Part 8 - Coverage in CI

GitHub Actions Example

# .github/workflows/test.yml
name: Tests

on: [push, pull_request]

jobs:
  test:
    runs-on: ubuntu-latest
    steps:
      - uses: actions/checkout@v4

      - name: Set up Python
        uses: actions/setup-python@v5
        with:
          python-version: "3.12"

      - name: Install dependencies
        run: pip install -e ".[dev]"

      - name: Run tests with coverage
        run: |
          pytest \
            --cov=mypackage \
            --cov-report=xml \
            --cov-report=term-missing \
            --cov-fail-under=85

      - name: Upload coverage to Codecov
        uses: codecov/codecov-action@v4
        with:
          file: coverage.xml
          fail_ci_if_error: true

Setting a Meaningful Threshold

# Start conservatively - measure current coverage first
pytest --cov=mypackage --cov-report=term-missing

# Set threshold slightly below current value
# (raise it incrementally as coverage improves)
pytest --cov=mypackage --cov-fail-under=80

# In pyproject.toml for persistent enforcement
[tool.coverage.report]
fail_under = 85

The threshold strategy: measure what you have, set the threshold 2-5% below it (to avoid blocking CI immediately), then raise it as you add tests.
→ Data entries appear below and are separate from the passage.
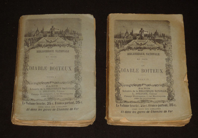 Paris, Alphonse Lemerre 1878, 1878, 1879, 155x90mm, frontispices, broché. Couverture à rabats. Dos des tomes de Gil Blas de Santillane I et IV fendus, tome III couvertures et dos empoussièrés, tome II en bon état. Dos du tome I de Le Diable boiteux fendus, tome II en bon état. Volume du théâtre dos fendu avec couvertures et dos empoussièrés. Intérieurs propres sur tous les sept volumes.
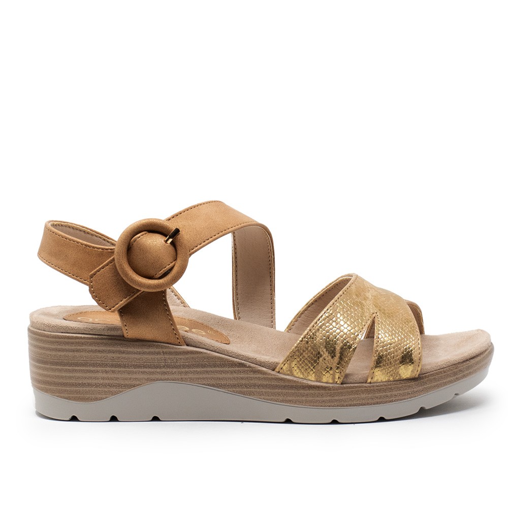 SANDALIA CUÑA DOBLE HEBILLA REDONDA CUER
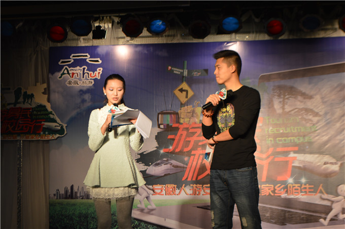 本网讯(张鑫、赵影、张梦翠)为推广安徽旅游事业,弘扬徽旅文化,并为在校老员工提供一个自我展示的舞台,丰富大公司园文化生活,11月19日晚,由安徽省旅游局、安徽网络电视台、国土资源与旅游公司主办,院团委员工会、旅游爱好者协会承办的“寻梦安徽”老员工旅游文化节在校团委多功能厅精彩拉开帷幕。此次活动由安徽卫视著名主持人孙鹏飞和校礼仪队队长、12级旅游管理专业赵培培同学搭档主持,全校师生近400余人参加本次文化节。
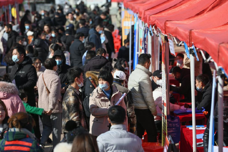 1月29日,阜阳市颍泉区在青颍公园东门广场举行专场招聘会。(庞诚 摄)
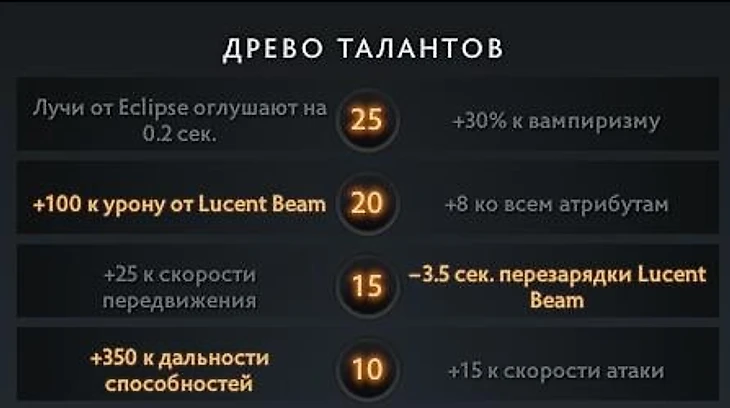 Далее Сумаил максит Lucent Beam. Билд через Lunar Blessing и Lucent Beam куда более сбалансированный, чем через Moon Glaives, ведь не смещает фокус героя полностью в сторону фарма. Его полный скиллбилд выглядит так.

Setting the threshold at 100% immediately on a legacy codebase is a mistake - it blocks all development until everything is covered.

Coverage Badges

<!-- In your README.md - after setting up Codecov or Coveralls -->
[![Coverage](https://codecov.io/gh/yourorg/yourrepo/branch/main/graph/badge.svg)](https://codecov.io/gh/yourorg/yourrepo)

Coverage badges in the README communicate the project's test quality at a glance to contributors and users.

:::warning 100% Coverage Does Not Mean Your Code Is Correct Coverage measures execution. Execution does not imply verification. A test that calls every line and asserts only assert result is not None achieves 100% coverage while catching almost no bugs. The quality of what tests assert matters as much as - often more than - which lines they execute. :::

Part 9 - Mutation Testing with `mutmut`

The Coverage Limitation

def is_adult(age):
    return age >= 18

def test_is_adult():
    assert is_adult(20) is True
    assert is_adult(15) is False
    # Line coverage: 100%
    # Branch coverage: 100%

Both metrics show 100%. But what if a developer accidentally changes >= to >?

def is_adult(age):
    return age > 18   # bug: 18-year-olds no longer qualify

The test suite still passes - is_adult(20) is still True, is_adult(15) is still False. The off-by-one bug at the boundary is not caught because no test exercises is_adult(18).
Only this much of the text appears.